■ What this task involves ■
Output the full listing below exactly as it reads, and skip anything that is a picture.

[[ Data shown, beginning ]]

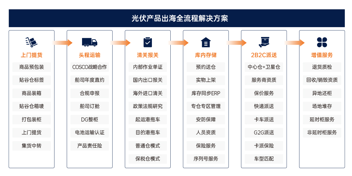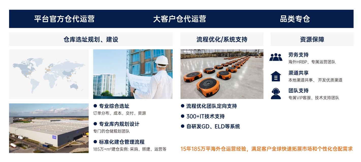 专注于出海客户专业化、行业化、差异化的实际需求,深度联结端到端供应链节点,提供面向行业、紧扣市场、贴近客户的定制仓配解决方案,助力客户快速拓展全球市场。
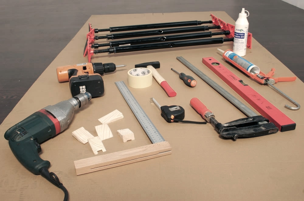 Электродрель. Для того, чтобы предварительно просверлить гнезда для саморезов.
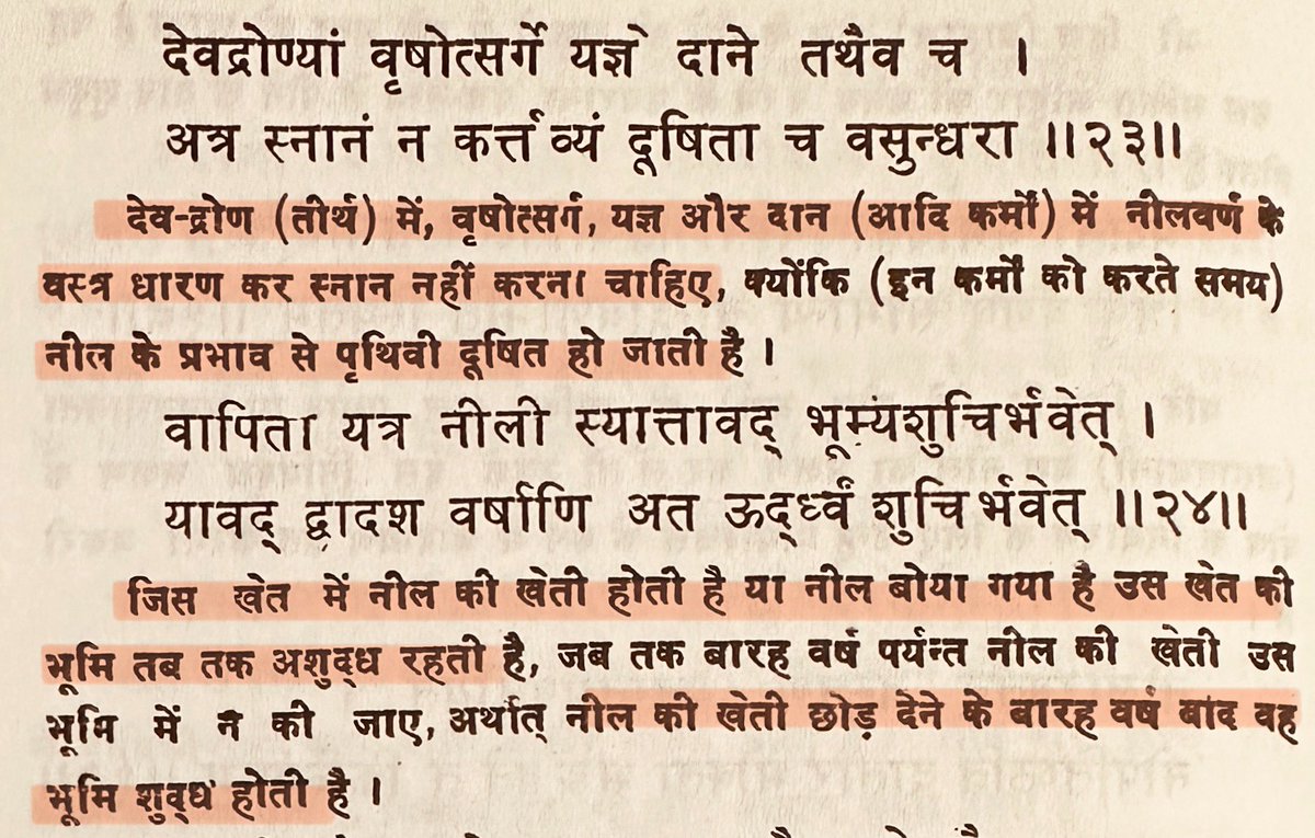 ४. आज भी जीन्स इत्यादि में घातक नील प्रयोग होती है, जिससे नदियों का जल प्रदूषित होता है और मछलियाँ मरती हैं।
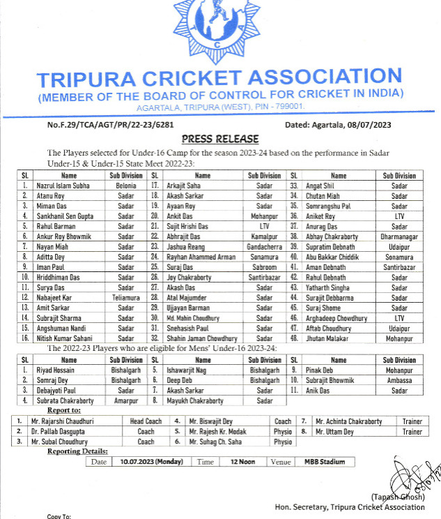 Tripura Cricket Association published list of the Players selected for Under-16 Camp for the season 2023-24 based on the performance in Sadar Under-l5 & Under-15 State Meet 2022-23

[[ Data shown, end ]]

■ Finished exercise ■
 专注于出海客户专业化、行业化、差异化的实际需求,深度联结端到端供应链节点,提供面向行业、紧扣市场、贴近客户的定制仓配解决方案,助力客户快速拓展全球市场。
 Электродрель. Для того, чтобы предварительно просверлить гнезда для саморезов.
 ४. आज भी जीन्स इत्यादि में घातक नील प्रयोग होती है, जिससे नदियों का जल प्रदूषित होता है और मछलियाँ मरती हैं।
 Tripura Cricket Association published list of the Players selected for Under-16 Camp for the season 2023-24 based on the performance in Sadar Under-l5 & Under-15 State Meet 2022-23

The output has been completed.